##### GIVEN MATERIAL #####
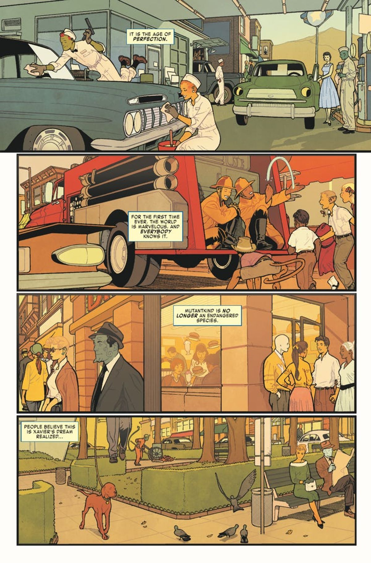Gli abbiamo gettato addosso moltissimo nelle sceneggiature, ma lui ha portato alla vita personaggi e mondo facendolo sembrare facile. So che potrei sembrare un po' esagerato, ma quando abbiamo visto le prime pagine realizzate per l'albo abbiamo capito che nessun altro avrebbe potuto disegnare Age of X-Man: Alpha.Thompson - Questo albo doveva riuscire a dire moltissime cose e ogni pagina accoglie una quantità folle di dettagli. Ramon, con la sua sensibilità di narratore esperto, ha preso le nostre sceneggiature e le ha portate a un livello assolutamente ammirevole. Vedere Ramon che introduce questo mondo ai lettori assieme a noi è davvero un sogno.
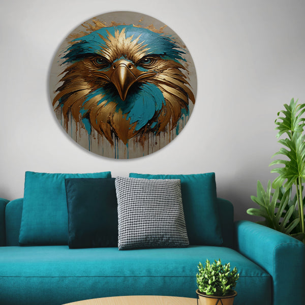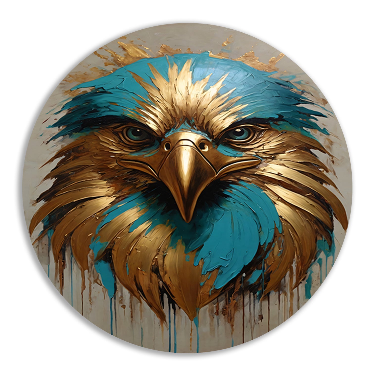 Abstracte Turkoois en Gouden Adelaar aluminium muurcirkel
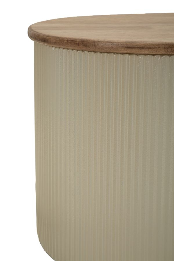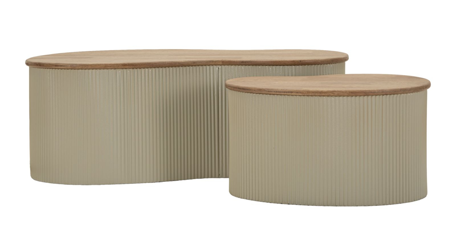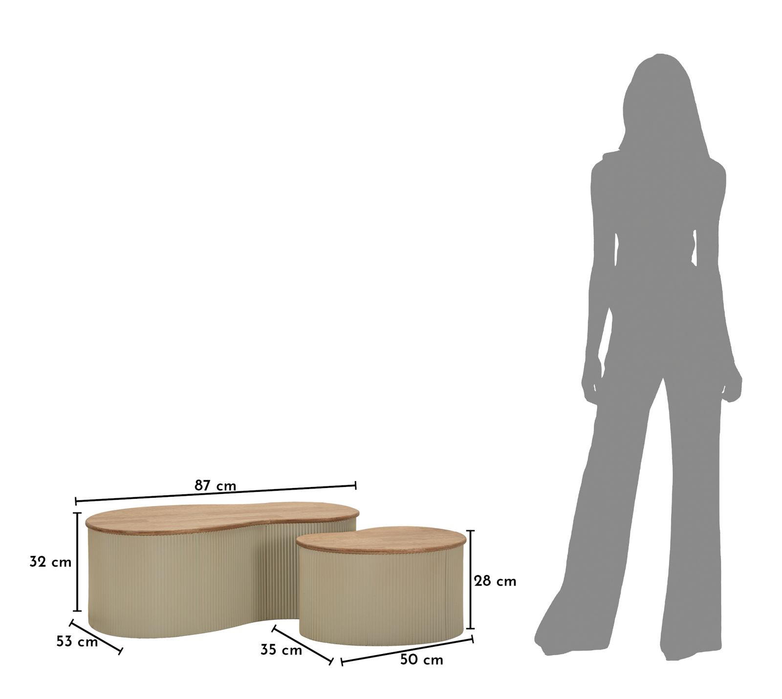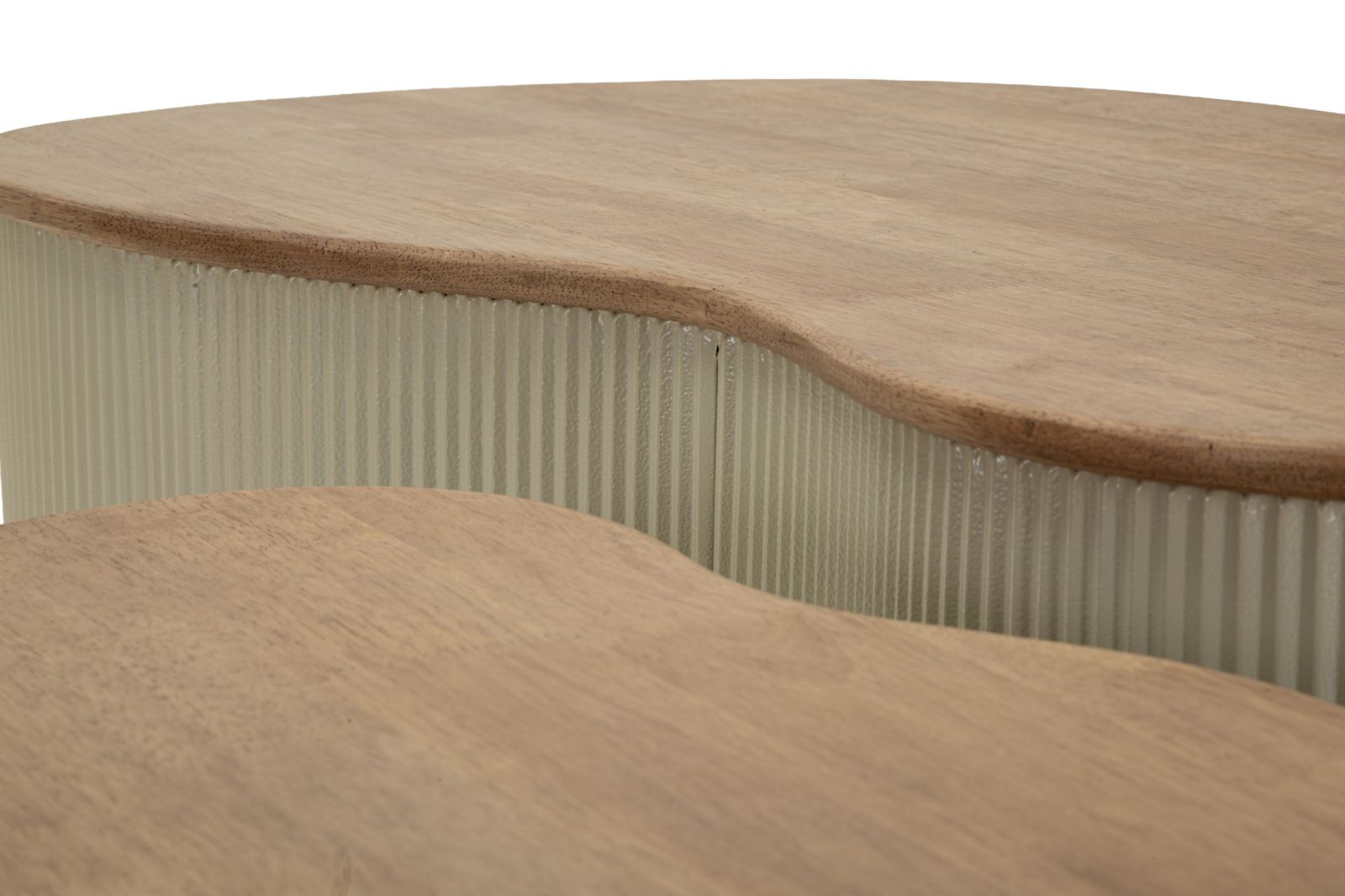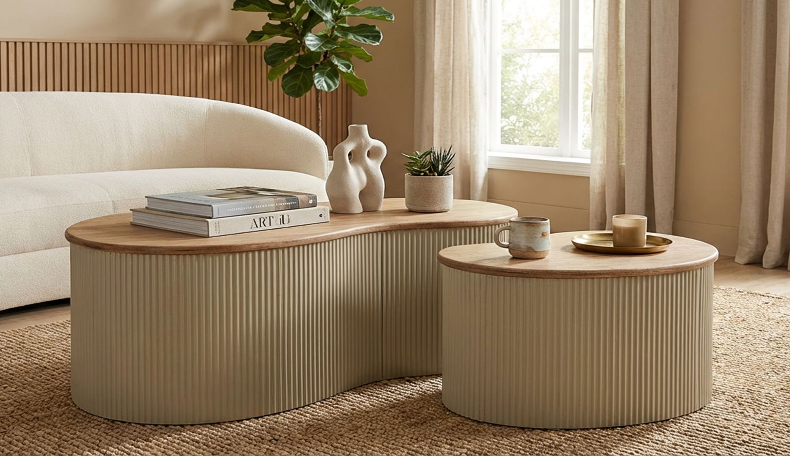 Blaturile cu aspect de lemn adaugă naturalețe și căldură compoziției, în timp ce structura albă subliniază forma rotunjită și proporțiile echilibrate. Diferența de dimensiune permite așezarea lor împreună pentru un efect suprapus sau separat, în funcție de dinamica spațiului.
#####
- _WORK TO COMPLETE_: Your answer must be the full listing, reproduced word for word, without its pictures.

- _YOUR RESPONSE_:
Gli abbiamo gettato addosso moltissimo nelle sceneggiature, ma lui ha portato alla vita personaggi e mondo facendolo sembrare facile. So che potrei sembrare un po' esagerato, ma quando abbiamo visto le prime pagine realizzate per l'albo abbiamo capito che nessun altro avrebbe potuto disegnare Age of X-Man: Alpha.Thompson - Questo albo doveva riuscire a dire moltissime cose e ogni pagina accoglie una quantità folle di dettagli. Ramon, con la sua sensibilità di narratore esperto, ha preso le nostre sceneggiature e le ha portate a un livello assolutamente ammirevole. Vedere Ramon che introduce questo mondo ai lettori assieme a noi è davvero un sogno.
 Abstracte Turkoois en Gouden Adelaar aluminium muurcirkel
 Blaturile cu aspect de lemn adaugă naturalețe și căldură compoziției, în timp ce structura albă subliniază forma rotunjită și proporțiile echilibrate. Diferența de dimensiune permite așezarea lor împreună pentru un efect suprapus sau separat, în funcție de dinamica spațiului.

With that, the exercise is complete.